Preventing Psychological Choking in Youth Sport

The basketball player throws up a “brick” at the last second of the game when the shot determines who wins or who loses. A tennis player with a commanding lead in the final set falters and allows an inferior player to “steal” the match. An elite soccer player’s penalty shot in a shootout after overtime in the finals sails many feet over the top of the cross bar. All of these reflect what is commonly referred to as a “choke” in high level sport.

What is choking? It is not simply losing a winnable game. Nor is it performing poorly on a newly learned skill, a phenomenon quite common in youth sports. It is performing significantly worse than expected given one’s skill level despite a desire for a superior performance in the presence of substantial incentives. It is more than an impaired performance. It is the process that leads to that impaired performance; e.g., being distracted when thinking of the consequences of that performance (Weinberg & Gould, 2015, p. 381). Choking may be caused by two totally different, but not mutually exclusive mechanisms – a) distractions which use up a limited amount of cognitive resources or b) unnecessary self-focused analysis of an already well learned skill (Hill, Hanton, Matthews, & Fleming, 2010).

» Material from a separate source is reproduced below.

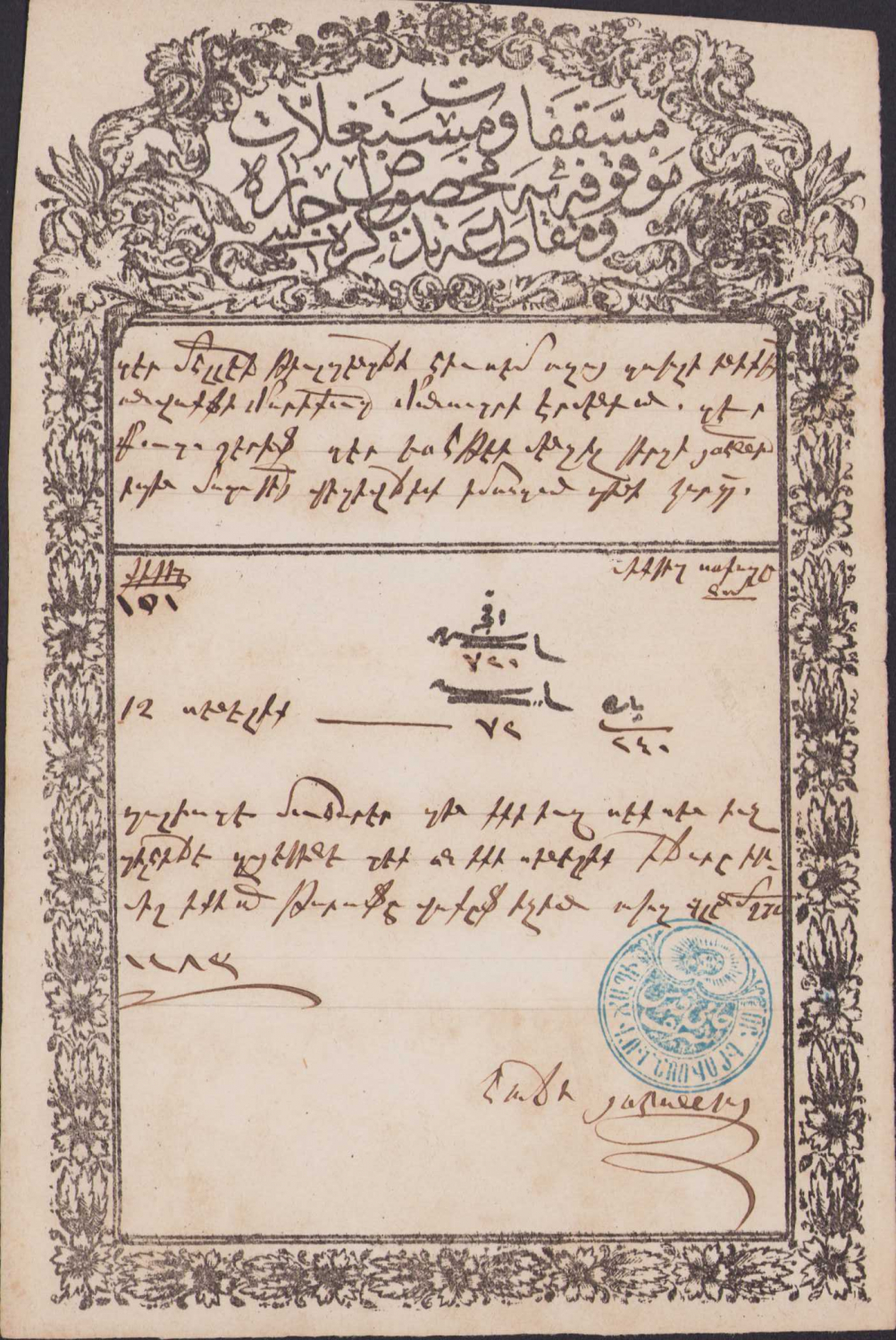 Kudüs-ü Şerif'e ait vergi makbuzu, Osmanlıca - Ermenice, 12x18cm
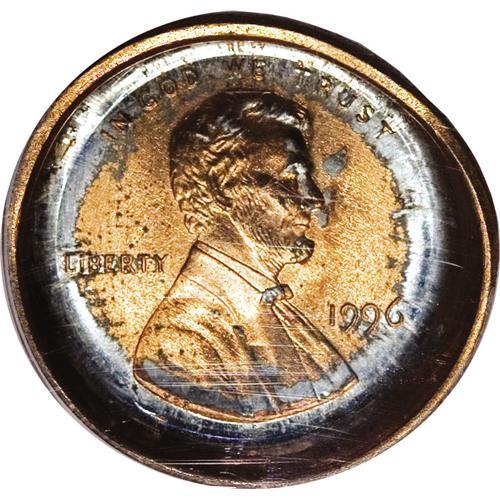 <B>1996 1C Lincoln Cent--Deep Die Cap Obverse--MS64 Red PCGS.</B></I> A struck cent (not the present piece) failed to eject from the dies. A planchet (to become the present lot) was fed between the obverse die and the struck cent. The strike gave the present piece a brockage reverse, and forced the obverse partly around the edge of the obverse die. Additional strikes caused the cent to further wrap around the obverse die, while the brockage reverse image expanded and distorted. Incused and reversed portions of the date and LIBERTY are still legible on the reverse. Some of the zinc interior has penetrated the copper plating. The cap is sufficiently deep that it can barely fit within the standard PCGS holder.<BR><BR><b>Shipping:</b> Coins & Currency (<a target="_blank" href="http://www.heritageauctions.com/common/shipping.php">view shipping information</a>)

Distraction Theories suggest that pressure-induced anxiety such as thinking of the consequences of success or failure becomes a second task that uses up one’s limited capacity short term memory, the memory that controls selective attention. This additional task overwhelms the working memory disrupting the performance, a disruption which cannot be overcome with increased effort alone. Processing two tasks simultaneously (i.e., thinking about the consequences as well as thinking about the skill) results in inefficient information processing relevant to successfully completing the task.

Self-Focus Theories, on the other hand, propose that performance anxiety increases athletes’ self-consciousness, causing them to explicitly monitor what would otherwise be a well-learned, automated set of motor skills. The purpose of the increased monitoring is presumably to control individual components of the skill. This shift in attentional focus results in two potentially negative outcomes: First, the previously automated skill becomes many steps, each of which becomes an additional opportunity for errors. Under pressure, the skill, which had previously been a unified whole, reverts to a novice-like stage where it consists of multiple, interlinked tasks. Fragmenting the previously automated skill into more components may be the most useful explanation for simple, primarily physical skills. Second, the automated skills which previously required little or no thinking now returns to a more primitive stage of learning requiring once again short-term memory processing which is slower and of limited capacity resulting in diminished performance. Explicit monitoring via short-term memory might be a better explanation for complex, cognitive, decision making tasks because of the limited capacity of our short-term memory.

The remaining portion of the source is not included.